The author mentions realizing that the Either monad well embodied the nature of the algorithms being implemented. Speaking from my own experience, I would suggest that teaching a team implementing the sort of software it seems the author’s team was implementing would be a worthwhile investment - but only if it was reasonably clear beforehand that those abstractions would be well suited to the problem at hand.
Perhaps the most important skill to train a team up on, in my opinion, is the ability to recognize the type of problem at hand well enough to see what abstractions would be well suited to it and thus what language to use. In other words: it is very important to choose your tools well.

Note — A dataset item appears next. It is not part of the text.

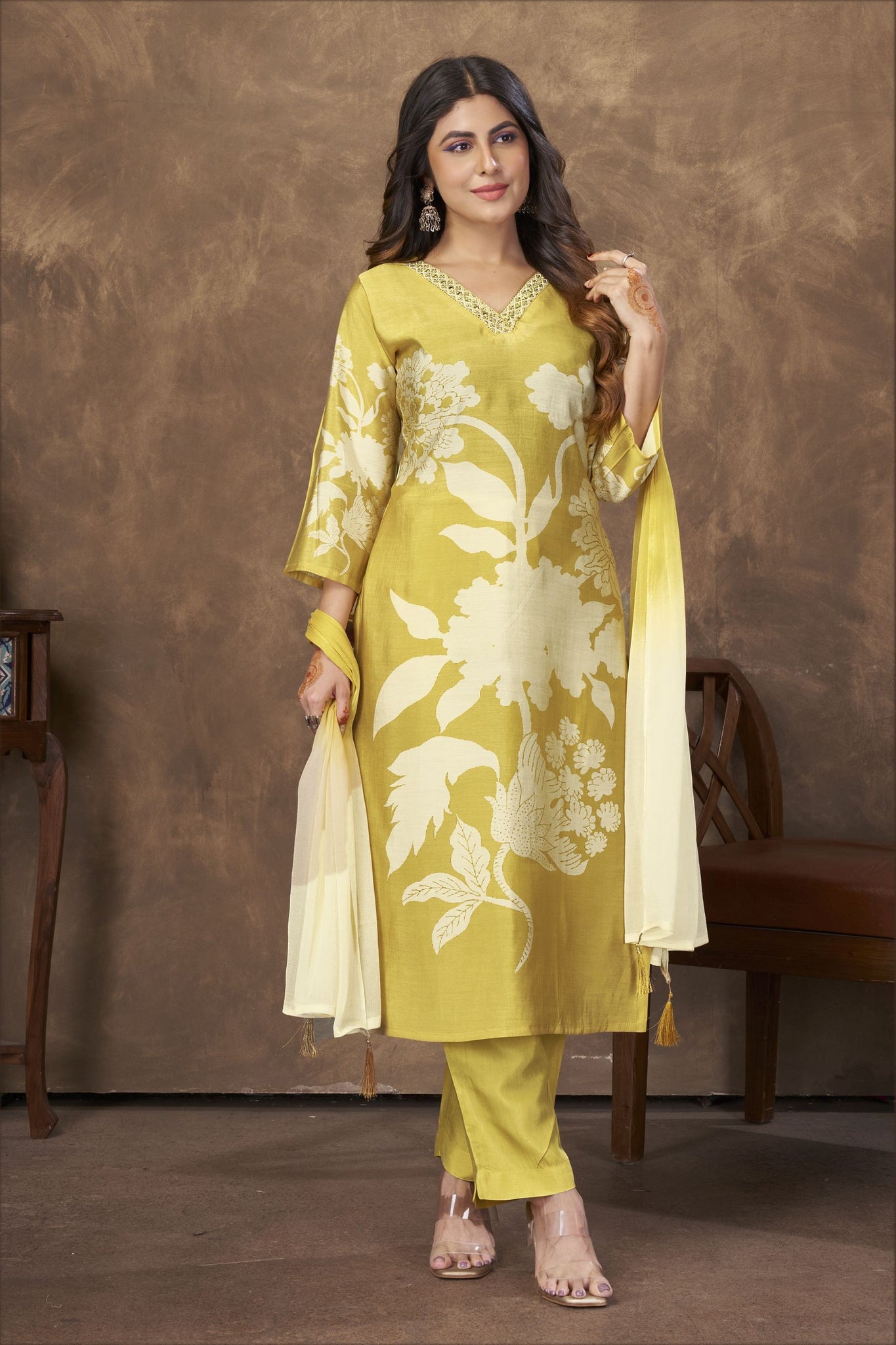 Beautiful Mustard Color Chanderi Fabric Casual Suit

If I could offer some advice to the author (and others in similar positions) regarding the question of investing time in training a team in any set of abstractions, be it concepts in category theory for the sake of Clojure or something else, it would be this: analyze the nature of the problem at hand, make a decision on what tool (language, framework, whatever) you feel would be best suited, familiarize yourself with its world if you haven’t already, and then have a meeting with your team in which you concisely explain that analysis and the reason behind your decision. Mention why other choices would not be as well suited, but, CRUCIALLY, also give examples of situations in which the other tools you considered would have been the best solution. If you have and reservations about your choice, explicitly state them. (In fact, you may be surprised by someone on the team having had experience in the domain at hand but not having mentioned it because it hadn’t become relevant yet!)
This will not only teach the reasoning process but also give the team some information about what alternate approaches to consider when faced with a problem unlike the ones they have seen before, especially if the team is junior.
Furthermore, sometimes one discovers that the nature of the problem being worked on is, in fact, different from what it was originally understood as. It is a lot to place on one lead to always be vigilant about that, and self-doubt can creep in. If you transparently expose your thought processes to your team, you may find yourself surprised by eventually having a team member saying to you, “don’t you think that this other tool/approach you had considered may actually be better suited to now”?
It is a lead’s job to lead, but it is also to share as much of their knowledge, experience, and reasoning process as possible with the team. Sometimes we go down the wrong route at first, but everyone on a team should understand the why and what of every point along the way. As a lead, I make it my goal to train everyone under me well enough to replace me and to feel comfortable enough to voice any commentary on the decisions I have made.
I was going to go on, but I think I went off on a bit of a tangent. I’ll leave off here.